For the foregoing reasons, I recommend that the pending motions for summary judgment be DENIED AS MOOT to the extent that they apply to the now-dismissed defendant National Semiconductor (Maine), Inc., but that the motion for summary judgment filed by both defendants be GRANTED as to defendant National Semiconductor, Inc. and that, accordingly, judgment be entered in favor of National Semiconductor, Inc. on the claims for defamation (count III), intentional infliction of emotional distress (count IV) and negligent infliction of emotional distress (count V).

NOTICE

A party may file objections to those specified portions of a magistrate judge's report or proposed findings or recommended decisions entered pursuant to 28 U.S.C. § 636(b)(1)(B) for which de novo review by the district court is sought, together with a supporting memorandum, within ten (10) days after being served with a copy thereof. A responsive memorandum shall be filed within ten (10) days after the filing of the objection.

Failure to file a timely objection shall constitute a waiver of the right to de novo review by the district court and to appeal the district court's order.

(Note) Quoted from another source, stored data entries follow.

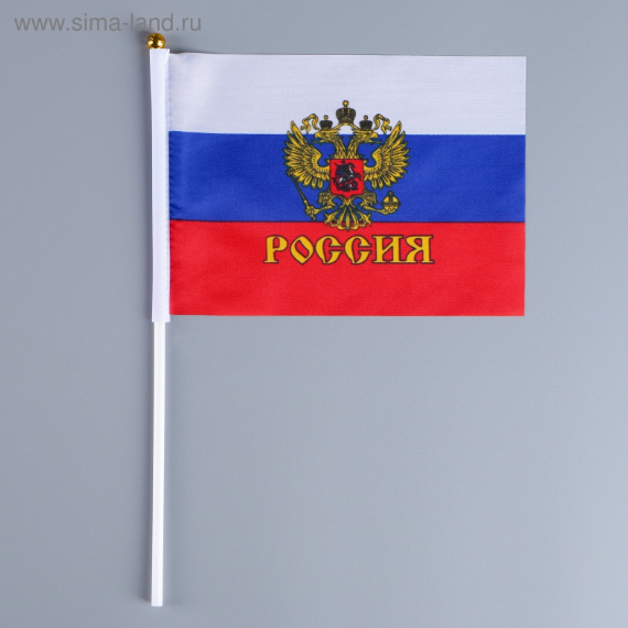 Флаг России с гербом 14*21 см, шток 30 см, шёлк 3653417
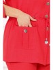 Жакет прямого силуэта, с центральной бортовой застежкой с отрезными планками на 7 петель и 7 пуговиц, со стояче-отложным воротником с отрезной стойкой. Длина изделия по середине спинки 73 см от шва втачивания воротника в горловину. Перед с нагрудными вытачками, выходящими из пройм. В нижней части переда настрочены накладные карманы, с имитацией бантовой складки посередине кармана и клапаны, застегивающиеся на 1 петлю и 1 пуговицу. По спинке и частично по переду настрочена кулиса, в которую втянут шнур. Для регулировки сборки по кулисе на шнур продеты фиксаторы, концы шнура оформлены наконечниками. Рукава втачные, одношовные, с притачными манжетами, застегивающимися на 1 петлю и 1 пуговицу, с разрезами в нижних швах рукавов, с настрочными патами, застегивающимися на 1 петлю и 1 пуговицу. Длина рукава с манжетой 62 см. Длина рукава может регулироваться с помощью паты. Жакет с плечевыми накладками.
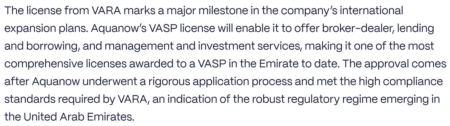 Our team has worked tirelessly to meet the stringent requirements set by VARA, demonstrating Aquanow’s dedication to compliance and a belief in the potential of virtual assets to revolutionize financial services. The regulatory environment here is not just about oversight but about fostering a collaborative space where technology and finance intersect to create new possibilities.
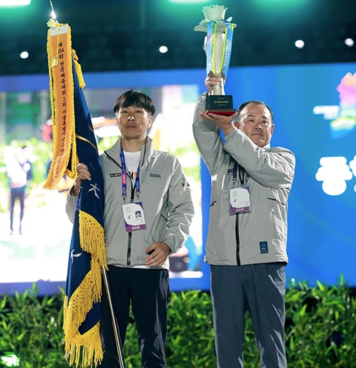 | ▲ 19일 종합 준우승 시상대에 오른 김성범 서울시체육회 부회장(오른쪽)과 류준현 경기운영부장(왼쪽)<사진제공=서울시체육회> |

Dated this 19th day of February, 1998.

1. The excerpts of the Smith Deposition provided by the plaintiff do not include page numbers. Smith identifies himself as National Semiconductor's human resources director at the second page of the deposition excerpt.

2. Page 107 of the Filaroski Deposition is part of the excerpt of this document appended to the National Semiconductor SMF. National Semiconductor concedes that the plaintiff is, in fact, bald. National Semiconductor SMF at ¶ 21.